Ride It Like You Stole It!
Location
South Manchester
My daughter is just getting into 'Vinted' for selling her old clothes. Generally lists quite cheap, and the buyer pays for the postage slip, seller prints and pops it into an Evri collection point.

Be pointless me selling old clothes, they are usually worn to distruction, or covered in oil/chain ring marks. Old T-shirts become chain rags.
 

Petrichorwheels

Senior Member
I'm sure the graphic is true in relation to post-farm waste but it does not take into account the wastage created by supermarket quality requirements. Any fresh produce seen on sale in a supermarket will have been through a stringent grading process to ensure only "perfect" produce reaches the shelves. This creates significant amounts of waste prior to produce leaving the farmgate.

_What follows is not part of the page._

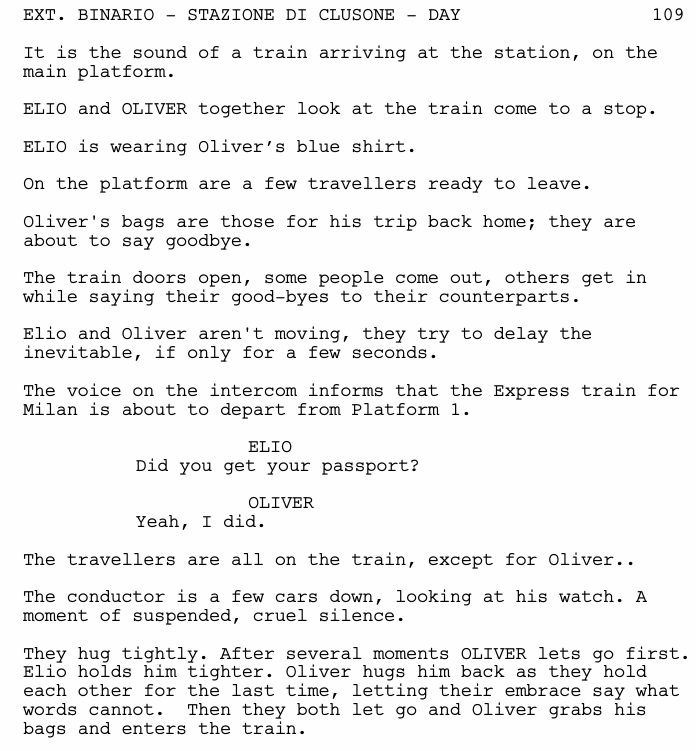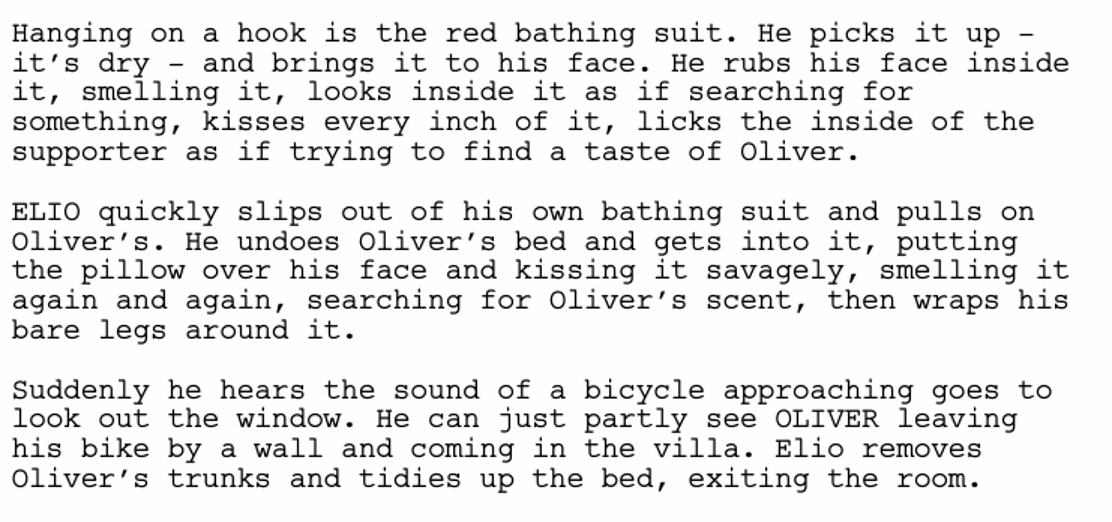 Elio completely surrenders to his desire when he sneaks into Oliver’s room to smell his bathing suit, a scene that’s even more intense in the script than the final film. It makes sense why it was changed in the final product, but the primal urge still comes across in the film; Chalamet plays Elio like he’s not even sure what he’s about to do, acting on instinct. The specific image of Oliver’s red swim trunks is also something that appears more in the script than the film; Oliver wears several different sets of trunks in the film, but in the script, Ivory has these red ones as his signature look.

This is waste driven by consumer demand for what is perceived as quality. Every tomato, lettuce, cucumber etc must be the same shape, size, colour etc. This is a fiction dreamt up by supermarkets to minimise their waste and pass it back to the producer. It's a quality standard the supermarkets have sold to the consumer who now demands this thus completing the circle and creating more waste.

things are getting better though (used to be bloody awful in the supposedly wondrous 80s when supermarkets sold simple veg for outrageous prices - luckily mine was near a good street stall) - Sainsburys now sell runt-like onions and odd-sized carrots - latter maybe cheaper than the german discounters.
 

Petrichorwheels

Senior Member
Have you considered the impact multiple doorstep deliveries have on our environment as a whole? While your choice may reduce your personal plastic footprint its possible these home deliveries are having a far greater overall environmental impact.

yep - this has long struck me as bonkers - yet another sign to me of how we have been returning to victoriana/edwardiana for many a year.
My veg comes from the local sainsburys (walk) or lidl/aldi - bike.**
I can live without designer veg.
A local spoons of mine had what struck me as a better system for a while - various direct supply veg folk would deliver to a cabinet in the pub garden and folks then picked their orders up from there.
No longer though - carrot rustlers maybe - but the type of system worth developing maybe
Personally I think the government or councils (funded by government) should pump seed money into developing street markets.
(though this lot won't for sure)
Most now lost, even in supposedly market towns, or gone upmarket to the point where they are useless.
Street fruit and veg markets are good in so many many ways.
** edit - and a wonderful london street market (only forgot i think as I was focussed on shops) - some real bargains at the end of the day, particularly saturday - much of which goes in the freezer. If folks think I'm an alco, the occasional red flush is I swear from the all the small tomatoes I freeze and use for a variety of wonky sauces). Cycle to market.